В инженерной психологии, как правило, экспериментальному изучению подвергается не вся генеральная совокупность, а только часть ее — выборка; т. е. группа испытуемых, представляющих определенную популяцию и отобранных для эксперимента или наблюдения. На основании полученных характеристик выборки делаются выводы о генеральной совокупности. Практически любое статистическое исследование в инженерной психологии основано на анализе свойств и характеристик определенной выборки. Ее объем определяется двумя противоречивыми условиями. С одной стороны, она должна быть достаточно большой, чтобы правильно отразить все свойства генеральной совокупности. С другой стороны, она не должна быть чрезмерно большой, чтобы была реальная возможность ее изучения. Поэтому результаты математической обработки экспериментальных данных для выборки (вследствие случайного отбора в нее объектов из генеральной совокупности) могут отличаться от соответствующих характеристик генеральной совокупности. В связи с этим необходимо оценить достоверность полученных результатов, т. е. возможность их распределения на всю генеральную совокупность.

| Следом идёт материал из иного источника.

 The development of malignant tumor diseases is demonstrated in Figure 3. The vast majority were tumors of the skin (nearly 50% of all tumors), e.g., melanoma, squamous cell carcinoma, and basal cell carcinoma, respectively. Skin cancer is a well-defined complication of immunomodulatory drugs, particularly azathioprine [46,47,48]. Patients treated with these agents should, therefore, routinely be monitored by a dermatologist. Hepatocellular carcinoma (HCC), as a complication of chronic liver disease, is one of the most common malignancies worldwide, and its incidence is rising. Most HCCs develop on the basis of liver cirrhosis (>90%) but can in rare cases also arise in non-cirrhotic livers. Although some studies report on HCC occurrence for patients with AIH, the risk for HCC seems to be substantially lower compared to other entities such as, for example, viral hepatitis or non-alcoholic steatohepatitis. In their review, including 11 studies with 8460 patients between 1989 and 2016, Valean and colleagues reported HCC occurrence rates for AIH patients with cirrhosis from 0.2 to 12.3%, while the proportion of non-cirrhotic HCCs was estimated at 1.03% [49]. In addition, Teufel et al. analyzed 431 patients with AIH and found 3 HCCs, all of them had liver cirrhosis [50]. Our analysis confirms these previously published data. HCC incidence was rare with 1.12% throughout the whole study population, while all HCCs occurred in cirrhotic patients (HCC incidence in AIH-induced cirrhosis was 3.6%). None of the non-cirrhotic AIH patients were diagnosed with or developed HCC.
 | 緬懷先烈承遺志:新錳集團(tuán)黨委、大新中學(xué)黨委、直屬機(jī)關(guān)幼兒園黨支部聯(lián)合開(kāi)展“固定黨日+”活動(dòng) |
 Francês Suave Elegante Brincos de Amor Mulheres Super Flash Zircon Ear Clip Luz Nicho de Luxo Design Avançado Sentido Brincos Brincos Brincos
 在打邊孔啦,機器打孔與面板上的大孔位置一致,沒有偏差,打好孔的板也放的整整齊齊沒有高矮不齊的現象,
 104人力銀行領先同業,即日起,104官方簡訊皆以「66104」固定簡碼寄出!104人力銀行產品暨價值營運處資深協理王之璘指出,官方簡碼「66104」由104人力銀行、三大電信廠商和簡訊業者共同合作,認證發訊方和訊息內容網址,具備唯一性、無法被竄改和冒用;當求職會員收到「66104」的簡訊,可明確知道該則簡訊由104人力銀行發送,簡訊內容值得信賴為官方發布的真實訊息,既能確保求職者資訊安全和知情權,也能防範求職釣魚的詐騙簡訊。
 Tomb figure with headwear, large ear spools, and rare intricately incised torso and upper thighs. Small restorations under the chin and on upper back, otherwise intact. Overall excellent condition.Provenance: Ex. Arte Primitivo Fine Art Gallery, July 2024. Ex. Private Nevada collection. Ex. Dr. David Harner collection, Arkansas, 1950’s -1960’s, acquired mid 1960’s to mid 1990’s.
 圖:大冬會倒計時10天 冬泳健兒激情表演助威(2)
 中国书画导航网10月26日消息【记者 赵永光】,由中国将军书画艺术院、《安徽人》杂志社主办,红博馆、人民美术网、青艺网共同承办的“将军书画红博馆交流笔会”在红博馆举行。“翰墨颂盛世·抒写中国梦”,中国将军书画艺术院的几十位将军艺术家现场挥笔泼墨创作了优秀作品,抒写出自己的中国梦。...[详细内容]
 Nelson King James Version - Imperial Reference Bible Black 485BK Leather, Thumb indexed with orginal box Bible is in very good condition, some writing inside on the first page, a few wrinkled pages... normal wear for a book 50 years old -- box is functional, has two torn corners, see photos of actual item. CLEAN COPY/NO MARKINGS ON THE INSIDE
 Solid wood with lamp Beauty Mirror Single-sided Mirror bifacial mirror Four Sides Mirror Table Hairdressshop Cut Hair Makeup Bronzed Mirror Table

Для оценки достоверности пользуются принципом практической уверенности. Он состоит в том, что достоверным считают событие, имеющее достаточно большую, близкую к единице, вероятность. Такая вероятность называется доверительной. Величина, дополняющая ее до единицы, называется уровнем значимости. Он представляет собой вероятность того, что заключение, принятое достоверным, на самом деле окажется ошибочным. Общепринятыми считаются три уровня значимости: 0,05 —- для обычных исследований, 0,01 — для важных исследований, 0,001 — для особо важных исследований (например, связанных с отсутствием вредности какого-либо воздействия на человека). Соответствующие этим уровням значимости доверительные вероятности соответственно равны: 0,95; 0,99; 0,999. При построении законов распределения случайных величин вычисляется также для заданной доверительной вероятности диапазон возможных значений генеральной статистической характеристики. Этот диапазон называется доверительным интервалом.
При отборе данных, характеризующих ту или иную выборку в инженерно-психологических исследованиях, следует учитывать в ряде случаев различные проявления изменчивости характеристик оператора. Существует по крайней мере два ее проявления. Во-первых, от индивидуума к индивидууму (индивидуальные различия между операторами); во-вторых, для конкретного индивидуума — случайное изменение характеристик оператора от опыта к опыту. Одновременный учет обоих проявлений изменчивости может проводиться различными способами:
■ при формировании выборки для каждого из п испытуемых берется по некоторому числу m реализаций случайной величины, всего получается N = m-n значений;
■ с помощью жребия выбирается конкретный оператор и для него берется требуемое число значений изучаемой случайной величины;
■ выборка формируется по всем п операторам из средних значений изучаемой случайной величины, полученных на основании усреднения m значений этой величины для каждого оператора, что эквивалентно, как и в первом случае, общему объему выборки, равному N=mn.
Однако в любом случае выборка обязательно должна быть представительной, т. е. такой, чтобы элемент генеральной совокупности мог попасть в нее с заданной вероятностью, не зависящей от характеристик, подлежащих измерению. Такая выборка называется репрезентативной (от фр. representatif — представительный).